The influence of human activity on surrounding environments is an important field of research. With respect to aquatic settings, lacustrine deposits provide excellent proxies of environmental change since the sediment accumulates at a relatively constant rate, recording environmental change. This study employs isotopic, mineral, and chemical records from Farmington Bay freeze cores, in particular δ13C, δ15N, and 210Pb isotopes as well as phosphorus level fluctuation and trace metal analysis. In particular, 210Pb isotopes permit estimation of the age of sediment with depth and δ15N, δ13C, and concentration of P provides a record of changing nutrient sources and level of eutrophication. Results from 210Pb isotopes have allowed ages to be assigned to depths along the core dating back roughly 100 years at 30 cm.
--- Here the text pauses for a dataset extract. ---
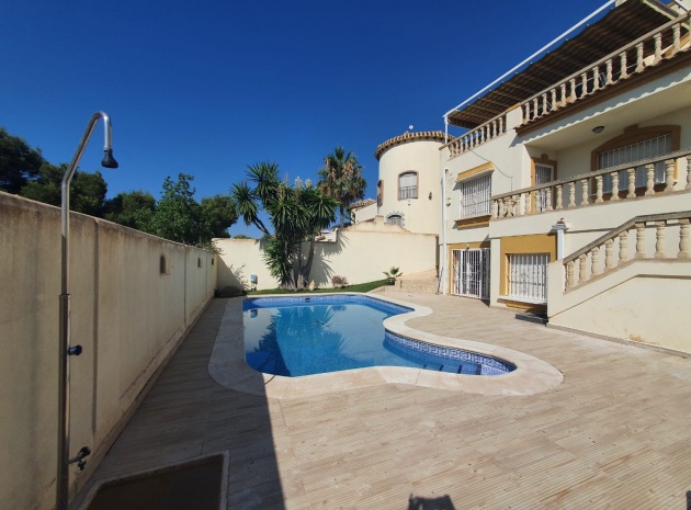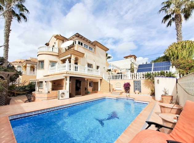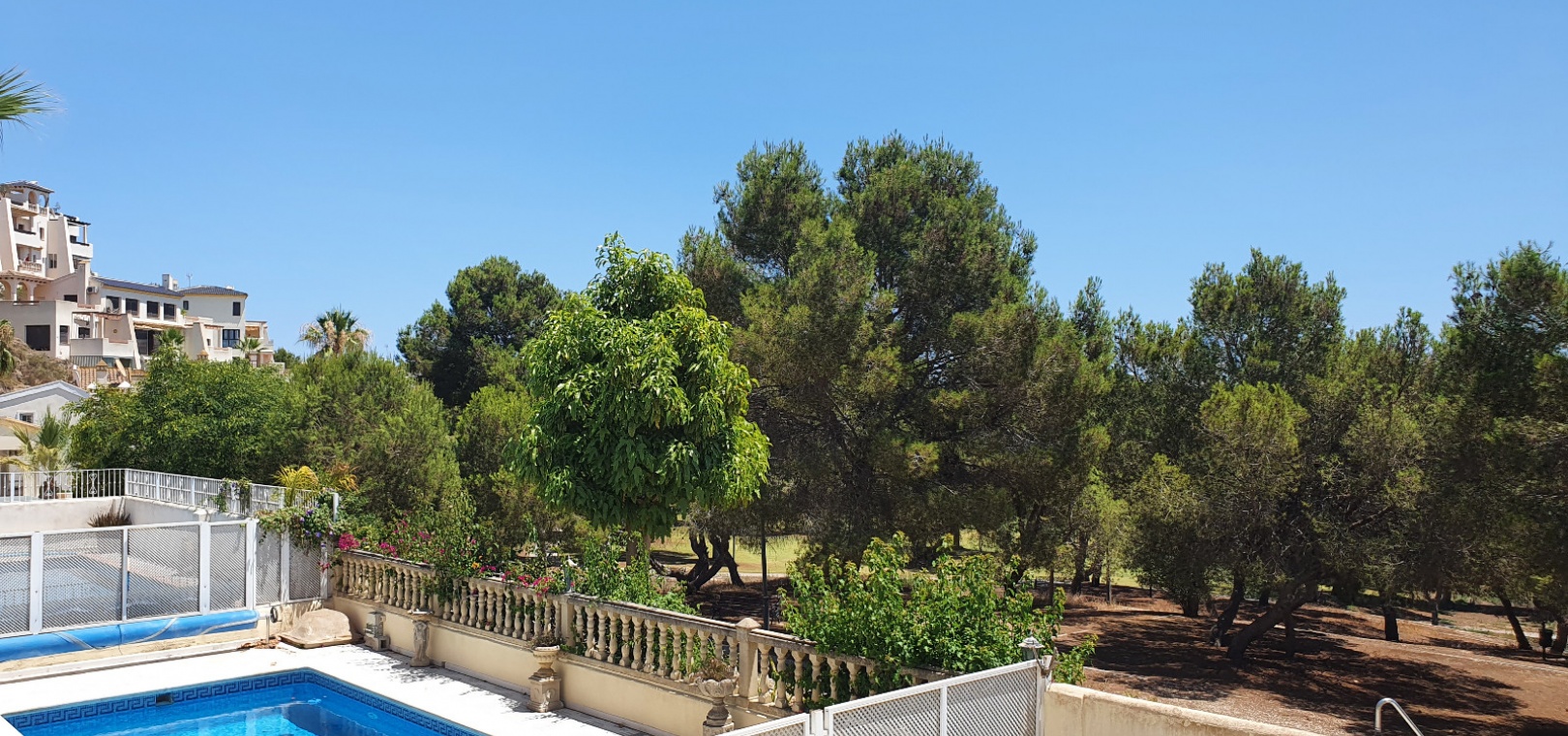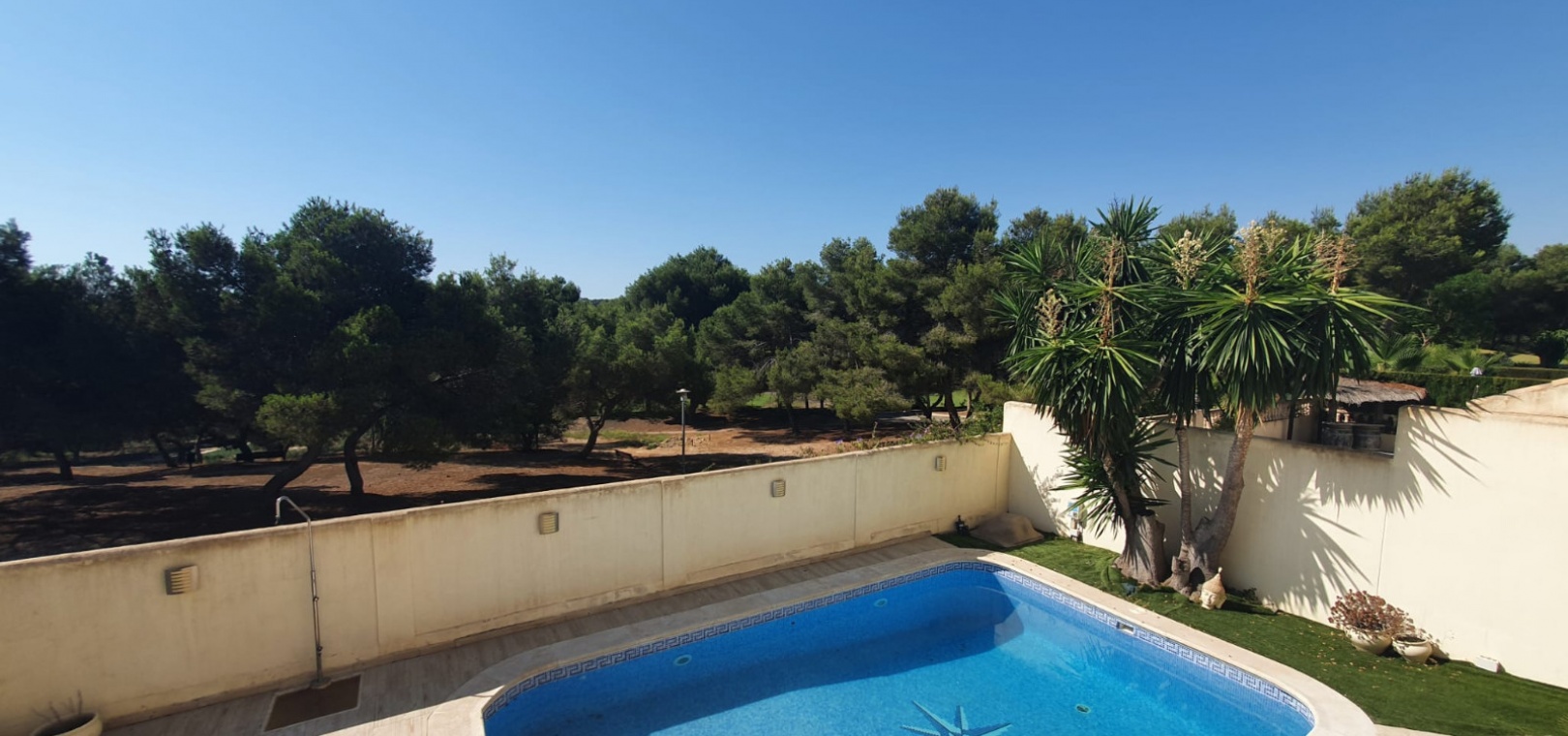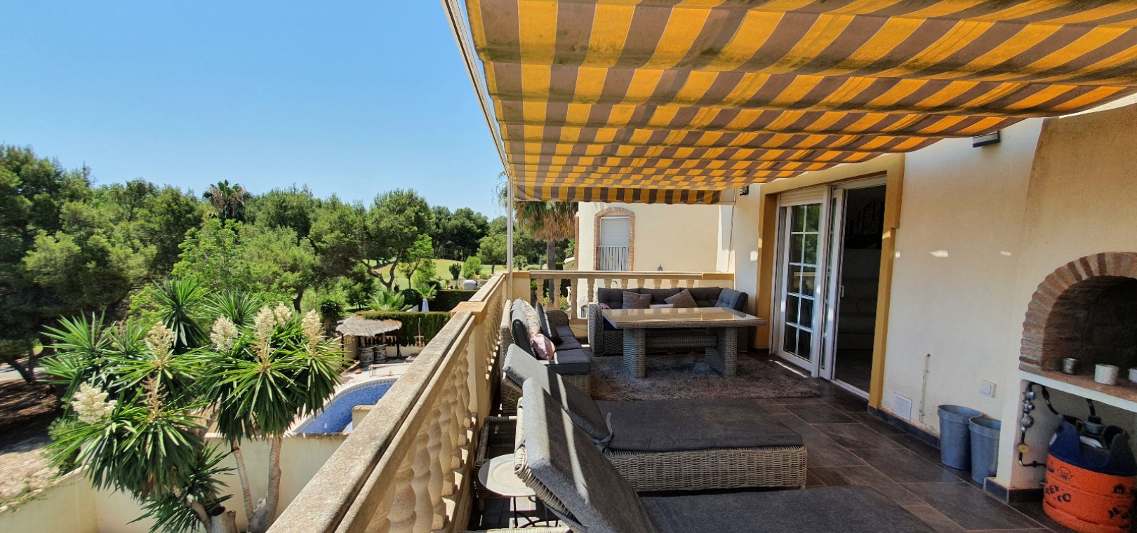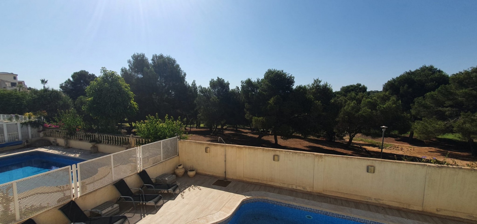 En fristående villa med 5 bäddar och 3,5 badrum med privat pool 1:a raden till den vackra golfbanan Las Ramblas, Villamartin, Costa Blanca South. Denna rymliga fastighet av hög kvalitet bjuds ut till försäljning i gott skick, delvis möblerad och består mycket kortfattat av följande:- Belägen på en lugn återvändsgränd, ligger denna villa på en stor tomt med lågt underhåll. In genom gångporten till vänster är en uppfart med plats för flera bilar och tillgång till det helt slutna garaget. På bottenvåningen finns 3 x dubbelrum med inbyggda garderober, det största sovrummet har ett eget badrum och altandörrar som tar dig ner till poolområdet. Det finns också ett familjebadrum. Interna trappor tar dig upp till första våningen där det finns ett mycket rymligt och ljust vardagsrum/matsal med en öppen spis och altandörrar som leder vidare till den stora bakre balkongen med en solmarkis och fantastisk utsikt. Från balkongen finns det trappsteg upp till ett litet solarium på taket. Det finns också altandörrar som leder ut till den främre balkongen. Det finns också en dörr som öppnar upp till trappsteg som tar dig ner till poolområdet. På första våningen hittar du också ett rymligt fullt utrustat oberoende kök och ett grovkök / förråd med toalett. Det finns en stor fristående källare med en lounge, ett öppet kök, 2 x dubbelrum, 1 x duschrum och ett förråd. Utanför fastigheten finns en stor tomt med en stor kaklad terrass runt den stora privata poolen. Från terrassen runt poolen kan du nå garaget och ett litet underbyggt förråd. Denna fastighet har gas centralvärme. Denna härliga fastighet ligger bara några minuter från klubbhuset och restaurangen och mindre än 20 minuters promenad från La Fuentes kommersiella centrum där du hittar många barer och restauranger, snabbköp, apotek, banker, en taxistation och den lokala busshållplatsen. De gyllene stränderna Orihuela Costa ligger mindre än 10 minuters bilresa bort, liksom köpcentret Zenia Boulevard. Alicantes flygplats ligger 50 minuters bilresa bort och Murcia Corvera flygplats ligger 35 minuters bilresa bort.

At this depth, a dramatic shift in the δ15N isotope is observed. Initial δ15N levels indicated a nutrient source related to agriculture. However, beginning around 100 years ago, the δ15N shows the main nutrient source for the bay became wastewater which correlates to the completion of a sewage canal in 1911 that began routing wastewater directly into the bay. Results have also shown a large rise in phosphorus levels beginning around 1970 which may be due to the construction of the automobile causeway that isolated Farmington Bay from the rest of the Great Salt Lake.
College and Department
Physical and Mathematical Sciences; Geological Sciences
BYU ScholarsArchive Citation
Gunnell, Nathan Vaun, "A Study of the Anthropogenic Impact in Farmington Bay through Isotopic and Elemental Analysis" (2020). Theses and Dissertations. 9208.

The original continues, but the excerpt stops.